**Work to be completed:**
Please restate the entries below word for word, leaving out any pictures.

[Stored items]

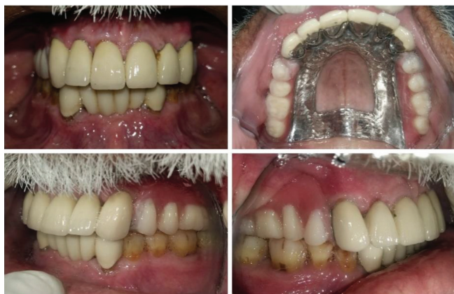
Figure-4: Denture Insertion.

In present case semi precision non rigid attachments were preferred (Rhein 83- OT Strategy) for fixation between fixed and removable partial dentures as it fulfills most of the criteria suggested for attachment selection. However precision attachments are not without disadvantages. Most of the attachments are very small and come with many parts to assemble. Construction of such attachment require skill. The parts of the attachment are sometimes exposed to wear and tear and needed to be replaced over time. 8
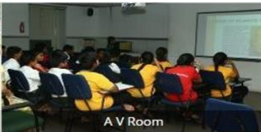
A V Room
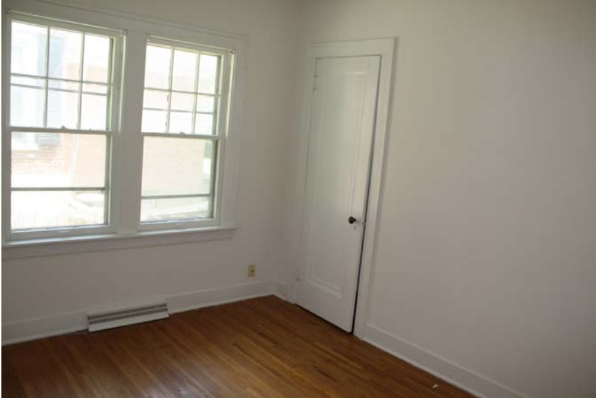
View of bedroom #2
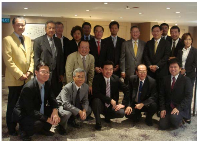
Left: One for the album, representatives from JLIA, JPMA, APKINDO, MPMA and STA

The next Meeting is proposed to be held in April 2010. ❁
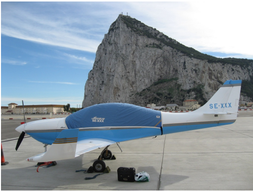
Lancair IV Canopy Cover
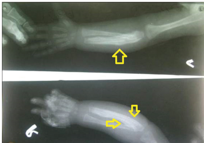
Figure 1: X-ray of forearm bones showing subperiosteal reaction of right and left ulna

Review after 10 and 48 months showed a healthy child with no recurrences and the X-ray findings revealed bone remodeling.
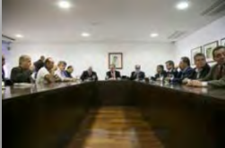
Read the Note of Trade Unions
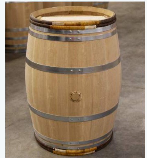
Finished 225L Bordeaux Château barrel.

Maury barrels focus on fruit purity, expression, aromatics and structure. The barrels allow the fruit to remain in focus while providing lift and fullness. They are delicate enough for a lighter vintage but have enough personality and impact to excel in warmer vintages and richer wine styles.
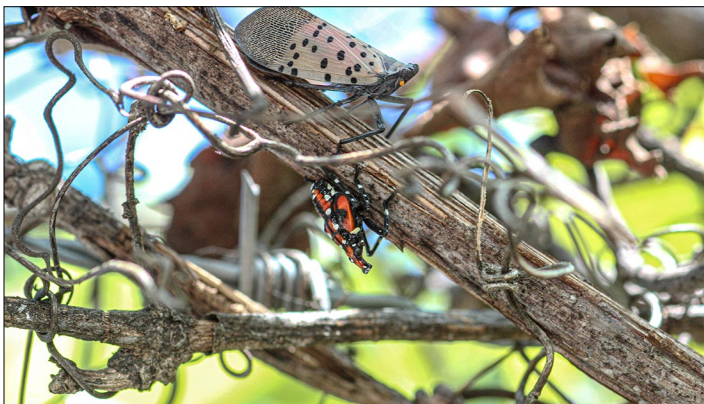
Photo 8. Adult and fourth instar nymph on a grapevine.

SLF can feed on a variety of trees and woody vines, including maples, willows, black walnut, fruit trees, grapevines and hops vines. However, tree of heaven ( Ailanthus altissima ) is their most preferred host. Tree of heaven, native to China, is an invasive species commonly found in urban settings thanks to its ability to grow in disturbed, nutrient poor sites. High densities of SLF are frequently associated with individual large trees of heaven or with large stands of younger trees. Information on tree of heaven identification, biology, its history in the U.S. and management options is available in the Michigan State University Extension bulletin E3476, “A Tale of Two Invaders: Tree of Heaven and Spotted Lanternfly” at https://www.canr.msu.edu/resources/a-tale-of-two-invaders-tree-of-heaven-and-spotted-lanternfly .
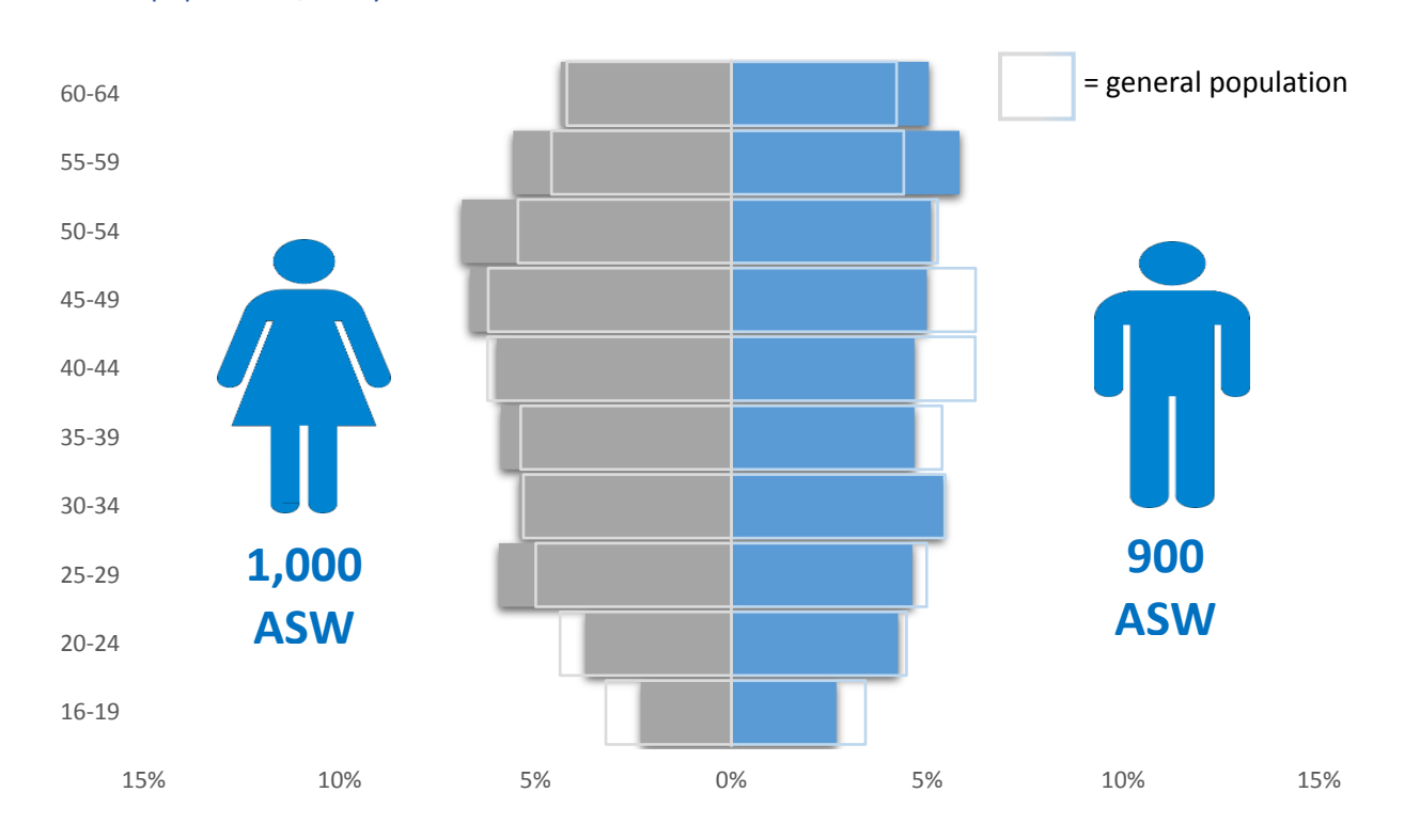
Figure 2 – Age and sex distribution of individuals registered as ASW compared with proportions in the general population<sup>4</sup>, 5 July 2020

On 5 July 2020, 13% of people registered as ASW were under 25 years of age (250 individuals); 5% of the total were teenagers, aged 16-19 years (100 individuals).

**Reply to the exercise:**
Figure-4: Denture Insertion.

In present case semi precision non rigid attachments were preferred (Rhein 83- OT Strategy) for fixation between fixed and removable partial dentures as it fulfills most of the criteria suggested for attachment selection. However precision attachments are not without disadvantages. Most of the attachments are very small and come with many parts to assemble. Construction of such attachment require skill. The parts of the attachment are sometimes exposed to wear and tear and needed to be replaced over time. 8
A V Room
View of bedroom #2
Left: One for the album, representatives from JLIA, JPMA, APKINDO, MPMA and STA

The next Meeting is proposed to be held in April 2010. ❁
Lancair IV Canopy Cover
Figure 1: X-ray of forearm bones showing subperiosteal reaction of right and left ulna

Review after 10 and 48 months showed a healthy child with no recurrences and the X-ray findings revealed bone remodeling.
Read the Note of Trade Unions
Finished 225L Bordeaux Château barrel.

Maury barrels focus on fruit purity, expression, aromatics and structure. The barrels allow the fruit to remain in focus while providing lift and fullness. They are delicate enough for a lighter vintage but have enough personality and impact to excel in warmer vintages and richer wine styles.
Photo 8. Adult and fourth instar nymph on a grapevine.

SLF can feed on a variety of trees and woody vines, including maples, willows, black walnut, fruit trees, grapevines and hops vines. However, tree of heaven ( Ailanthus altissima ) is their most preferred host. Tree of heaven, native to China, is an invasive species commonly found in urban settings thanks to its ability to grow in disturbed, nutrient poor sites. High densities of SLF are frequently associated with individual large trees of heaven or with large stands of younger trees. Information on tree of heaven identification, biology, its history in the U.S. and management options is available in the Michigan State University Extension bulletin E3476, “A Tale of Two Invaders: Tree of Heaven and Spotted Lanternfly” at https://www.canr.msu.edu/resources/a-tale-of-two-invaders-tree-of-heaven-and-spotted-lanternfly .
Figure 2 – Age and sex distribution of individuals registered as ASW compared with proportions in the general population<sup>4</sup>, 5 July 2020

On 5 July 2020, 13% of people registered as ASW were under 25 years of age (250 individuals); 5% of the total were teenagers, aged 16-19 years (100 individuals).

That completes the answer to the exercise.